What to automate now vs. what to keep under direct review

Automate now

  • Flagging client emails that likely contain requests and drafting suggested tasks linked to that client.
  • Creating reminders for upcoming due dates and surfacing related emails or documents before your planned review time.

Do not automate yet

  • Automatically accepting every detected action as a firm promise without a human checking scope, priority, and feasibility.
  • Sending client-facing status updates without you reviewing the message, especially when timelines or expectations are changing.

What not to automate yet

Some parts of this workflow are better kept manual until your process is mature. You should not automate the decision to accept new work for a client, change a deadline, or adjust scope based on a single message. Those choices carry relationship and revenue consequences that require judgment.

Likewise, avoid fully automating how status updates are phrased. A tool can help you gather the raw facts—what was done, what’s next, and relevant dates—but tone, priority setting, and any apology or renegotiation should be done by you. That’s where trust is either strengthened or damaged.

When to use this workflow

This approach works well if you regularly handle ongoing client work where commitments span multiple weeks: retainers, projects with milestones, or support agreements. If your week is full of “Can you send this by Friday?” requests across email and calls, consolidating them into one client-commitment list will immediately reduce the time you spend searching and second-guessing yourself.

It’s also a strong fit if you already use tools like email, shared spreadsheets, or a task board, but you still find yourself reconstructing what was promised whenever someone asks for an update. In that case, Lindy AI simply acts as a connective layer between the tools you already use and the commitment list you’re trying to keep current.

When not to use it

If your work is almost entirely one-off, same-day tasks that are finished before you close your laptop, building a full client-commitment workflow might be overkill. You may only need a simple checklist or a calendar block for the day.

It’s also the wrong first move if you don’t yet have any shared place where tasks live. Before connecting an assistant or adding automation, choose that basic system—whether that’s a kanban board, a CRM, or even a disciplined spreadsheet—and get your team using it consistently for a few weeks.

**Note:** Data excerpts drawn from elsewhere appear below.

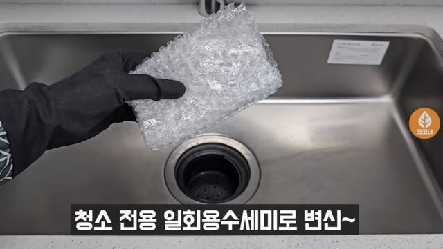 하지만 가장 주목할 만한 활용법은 바로 싱크대 청소용 일회용 수세미로 사용하는 것이다. 기존 청소용 수세미는 아무리 관리해도 세균이 남아있을 수 있다는 우려가 있었지만 뽁뽁이를 적당한 크기로 잘라서 수세미로 사용하면 이런 걱정을 덜 수 있다.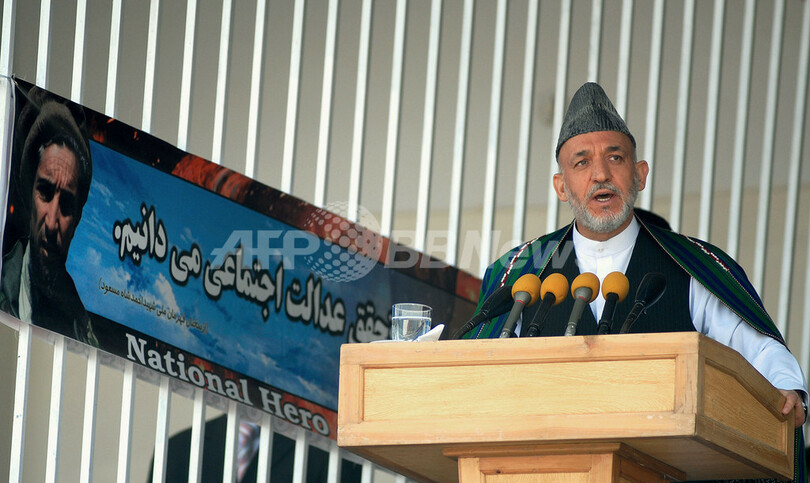 カルザイ大統領はこれまで2回の暗殺未遂事件を経験しており、関係者によると、式典が行われていた会場の外では、会場に入場しようとしていた数千人の人々により混乱が生じていた。(c)AFP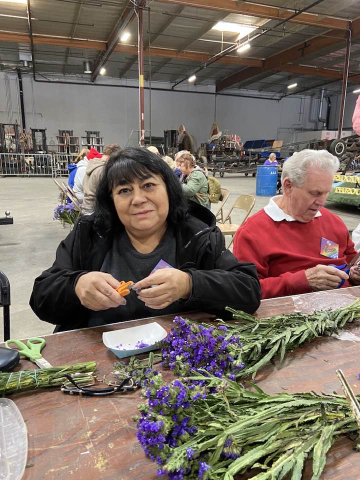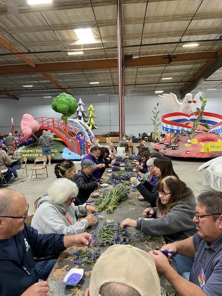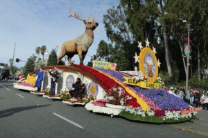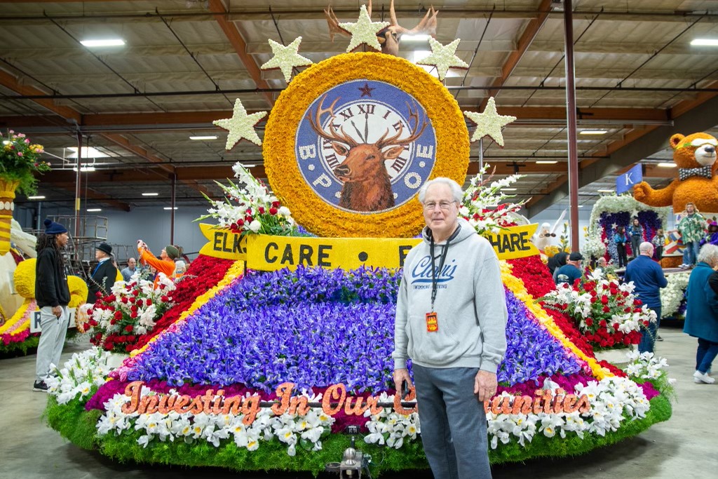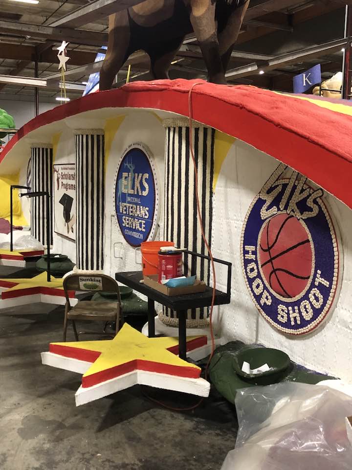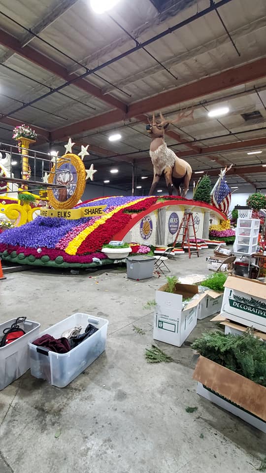 Over 1,000 proud Elk Members volunteered over a ten-day period to decorate the float, which included three days of dry decorations and seven days of flower decorations. Each day consisted of two shifts: from 8a.m. to 4p.m. and 4p.m. to 9p.m.  We had volunteers from Hawaii, Massachusetts, New Jersey, Arizona, Colorado, Utah, and all up and down California. Meals were provided to all volunteers. A volunteer pin was given to each volunteer. The Float contained more that 30,000 flowers and other plant-based decorations. The Float dimensions were 35 feet long by 18 feet wide and 25 feet high. As the float preceded down Colorado Blvd the song being played from the float was God Bless The U.S.A. by Lee Greenwood.  Elks passed out mini basketballs and 5,000 Coloring books to parade viewers.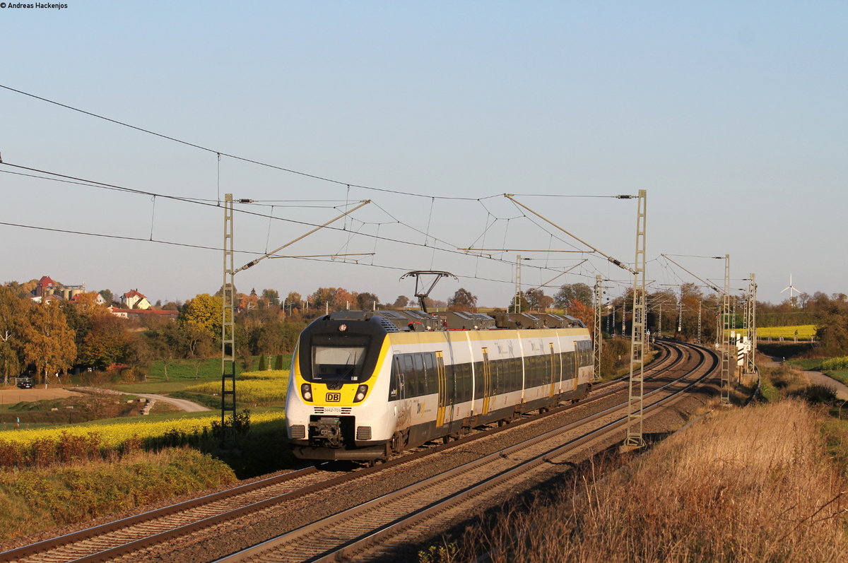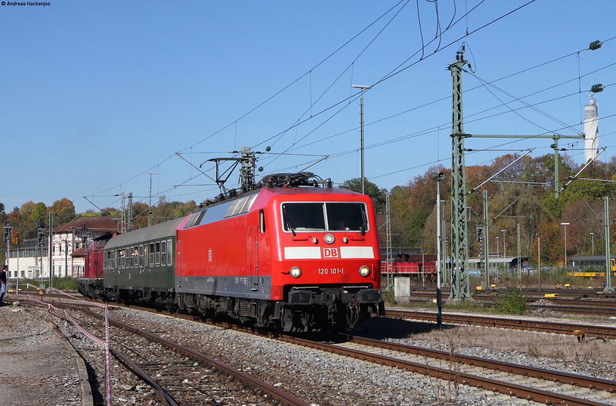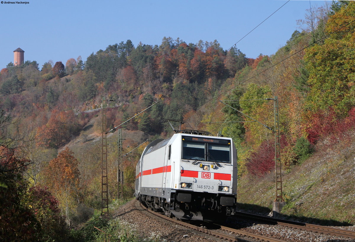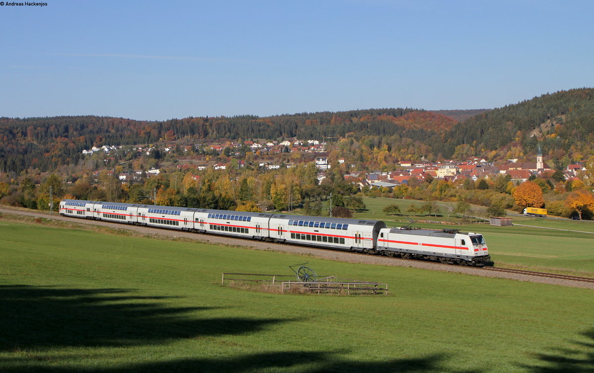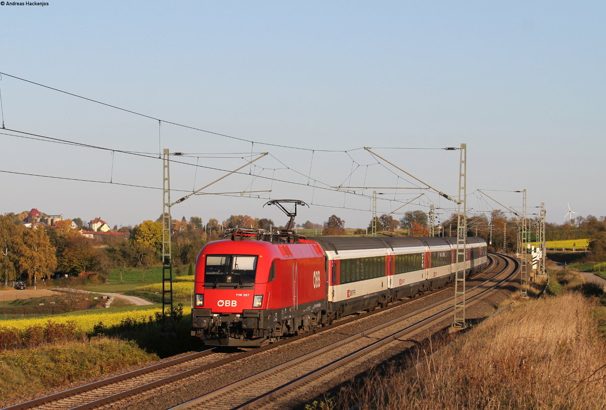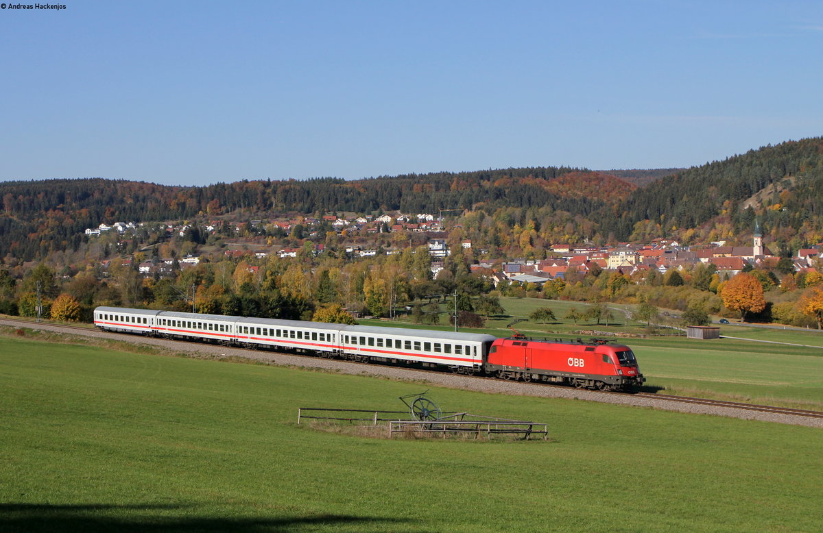 1116 263 mit dem IC 187/RE 50187 (Stuttgart Hbf-Zürich HB/Singen(Htw)) bei Horb 21.10.18. Das rechte Gleis endet vor mir und bis dorthin verläuft ein Weg Andreas Hackenjos

Only then does adding an assistant like Lindy AI make sense.

FAQ

How detailed should each client task be?

Each task should be detailed enough that you, or a teammate, could answer a client’s “Any update?” question by looking at it. Include the specific outcome (“Send v2 of the proposal”), the client or project name, the due date, and a link back to the email, document, or meeting notes where it was requested. Use the description field for short context, not a full meeting transcript.

Where should I keep this single list of client commitments?

Use whatever tool you and your team will reliably open: a project board, a CRM, or even a structured spreadsheet. The important part is that it’s the only source of truth for client promises. You can keep raw material in email, meeting notes, or chat, but every actual commitment must be represented here if you expect to find it later.

How does Lindy AI help without taking over my client communication?

Lindy AI works best as a quiet assistant that watches your inbox and calendar, suggests likely tasks, and gathers context for you. It can highlight when a client email includes a new request, draft a task with the key details, and remind you before something is due. You still decide what becomes a promise, how to prioritize it, and what to say when you reply to the client.